Drop every image, then reproduce the data exactly as given.

■ Supplied information
[Start of section]
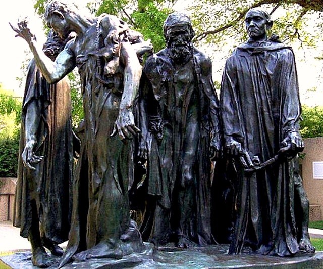 Рис. 2.3 – «Громадяни Кале» (фрагмент скульптури);чоловік в камізі (Німеччина, початок XVI століття) та жіноча каміза початку ХV ст
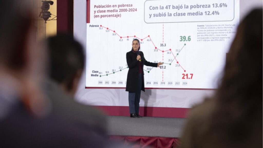 La Presidenta Claudia Sheinbaum Pardo resaltó que México, con la Cuarta Transformación, es el país de América Latina donde creció más la clase media, ya que incrementó 12.4 por ciento, de acuerdo con datos del Banco Mundial, al pasar de 27.2 por ciento en 2018 a 39.6 por ciento en 2024; el objetivo, señaló, es que siga la tendencia de aumento.
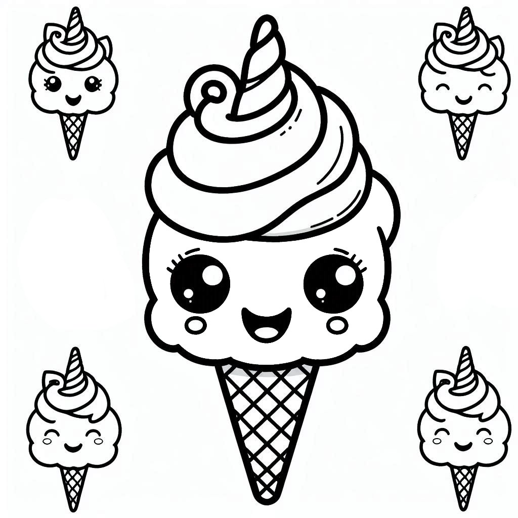 דף צביעה תמונה של גלידה עם קרן לצביעה בחינם להדפסה או צביעה אונליין
[End of section]
■ Output of the task
 Рис. 2.3 – «Громадяни Кале» (фрагмент скульптури);чоловік в камізі (Німеччина, початок XVI століття) та жіноча каміза початку ХV ст
 La Presidenta Claudia Sheinbaum Pardo resaltó que México, con la Cuarta Transformación, es el país de América Latina donde creció más la clase media, ya que incrementó 12.4 por ciento, de acuerdo con datos del Banco Mundial, al pasar de 27.2 por ciento en 2018 a 39.6 por ciento en 2024; el objetivo, señaló, es que siga la tendencia de aumento.
 דף צביעה תמונה של גלידה עם קרן לצביעה בחינם להדפסה או צביעה אונליין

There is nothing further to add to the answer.